After the alleged crimes in Buthidaung, the NUG released a statement in April that was quickly revised. The first version emphasised the suffering of “particularly the Rohingya” in the fighting in Buthidaung, but did not name a culprit.
The revised statement instead mentioned the suffering of the “Rakhine, Rohingya and Hindu” and squarely blamed the military – despite ample evidence that the AA committed crimes against the Rohingya population.
“We discussed not referring to the AA in the statement because there was no reliable photo or video evidence yet. However, while the statement was still being updated, Rohingya organisations sent witness accounts and photo evidence,” said an anonymous NUG source.
But this seemingly didn’t make any difference.
The source initially claimed the statement was simply updated to reflect new information.
“We had to update the statement again because we learned that among the dead, injured and people whose property was damaged were not only Rohingya but also Rakhine and Hindu people,” they said.
This doesn’t square with the sequence of events, as reports of Hindu and Rakhine homes being torched emerged before those of Rohingya homes. The other explanations – social media backfire and fear of offending the AA – appear more likely.

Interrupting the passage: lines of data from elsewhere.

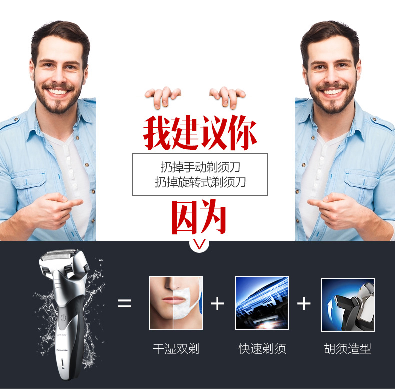 这种往复式的电动剃须刀更适合胡子粗硬的朋友,能比旋转式的刮得更干净,松下和博朗是往复式电动剃须刀的标杆,买这两个品牌不会错。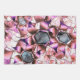 Hexagons surrounded by pinkish petal-like shapes tea towel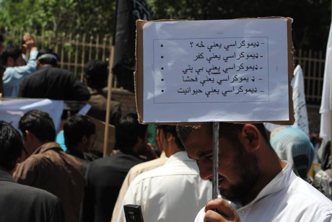 • تا زمانيكه مولوى و ملاء در دولت و بارلمان قدرت دارند همين حالت ادامه دارد، براى رسيدن به دموكراسى بايد ( ٥٠٠ ) سال صبر نمايم كه دين از سياست جدا شود، بعداً إمكان دموكراسى است.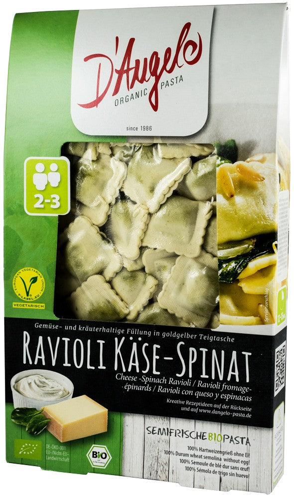 Ingrediente: aluat: griș din grâu dur*, apă / umplutură (45%): brânză* (50%: ricotta* (25%), brânză de munte* 20%, pecorino*), spărtură de pâine* (făină de grâu*, drojdie*), lapte praf*, fulgi de cartofi*, spanac uscat* (6%), ulei de floarea soarelui*, sare de mare, condimente* (usturoi*, busuioc*, piper*), emulgator: lecitină* (din soia).

“To imply the AA does these things in particular may make some members uncomfortable by offending ethnic armed groups during this revolutionary period,” the source said. “Our reliance on the ethnic armed groups as allies during the revolution is why we are weak to speak out on this issue.”

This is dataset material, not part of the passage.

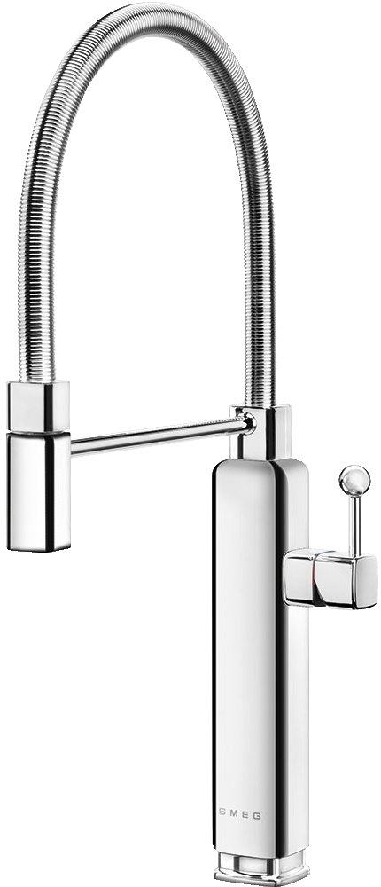 Смеситель относится к основной коллекции SMEG, уже успевшей отлично зарекомендовать себя на рынке. Его детали очень тщательно подогнаны, так что устройство будет служить очень долго. Из других достоинств упоминания заслуживают возможность пристенной либо островной установки. Но главные преимущества откроются только при использовании. У модели есть функции Energy Saving Cartridge (когда рычаг в центральном положении, течет не теплая, а холодная вода) и Water Saving Cartridge — технология снижения потребления воды за счет торможения рычага в среднем положении. Аэратор на конце излива решает две задачи: позволяет экономить воду и уменьшает ее разбрызгивание.

Some members of the NUG then proposed releasing a separate statement on the attacks against the Rohingya population, but this was shot down by a vast majority. The source said highlighting Rakhine and Hindu victims may have also lessened the obligation to name the culprit of the crimes against the Rohingya.
“To only mention the violence against the Rohingya makes it necessary to say who committed the violence,” they said. “Therefore, we decided to issue a statement including the situation of the Rakhine and Hindi people.”

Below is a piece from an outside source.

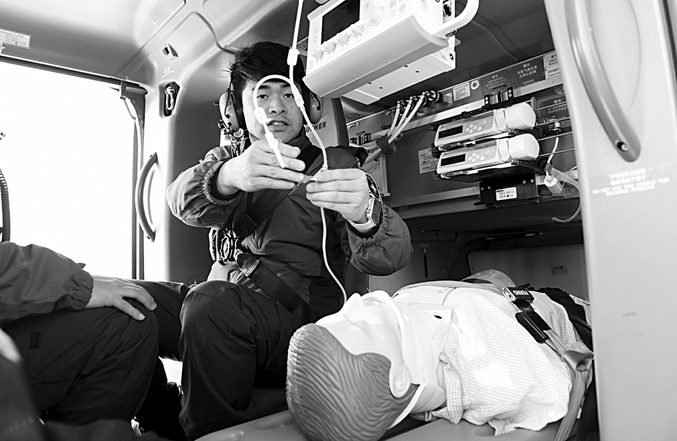 6.在机舱内为伤员紧急输液治疗。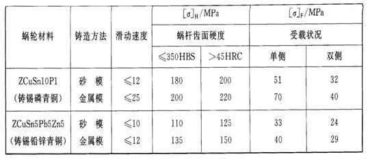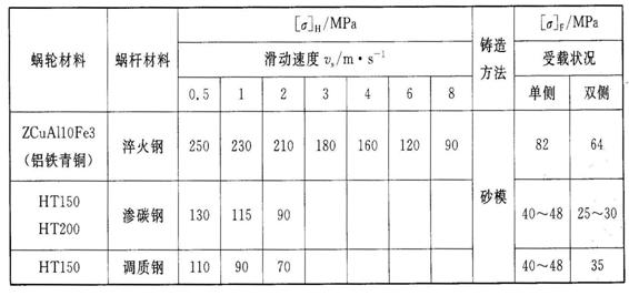 表7-4 鋁鐵青銅及鑄鐵蝸輪的許用應力

This isn’t the first time the NUG has proven indecisive on its Rohingya messaging.
In August last year, it released a statement recognising Rohingya as Myanmar “nationals”, seemingly putting to bed questions over whether a future democratic government would grant them citizenship. However, the Burmese-language statement notably avoids calling the Rohingya taingyintha, commonly translated in English as “indigenous race”. This may seem like a cosmetic difference to an international audience, but in practice the Rohingya’s decades of statelessness and apartheid has been linked to the state’s refusal to recognise them as taingyintha.
When Frontier contacted AA spokesperson Khaing Thu Kha for comment, he first asked the reporter her ethnicity.
“Are you Muslim?” he demanded. “You said that you talked to the Muslim people in that area, so I would like to know if you talked to the Rakhine and other local people … Don’t just ask for information from Muslims.”
He went on to deny the allegations.
“Spreading baseless and false information is a vulgar act, so there is no need for AA to explain further,” he said.
In an illustration of how effective the AA has been at shutting down criticism, there was even less pushback following a more explosive incident. In August, more than a hundred Rohingya civilians, including women and children, were allegedly killed by an AA drone attack as they fled Maungdaw town.
This time, there was no NUG statement, and a new civil society statement saw more notable drop-offs, including the Ta’ang Women’s Organization.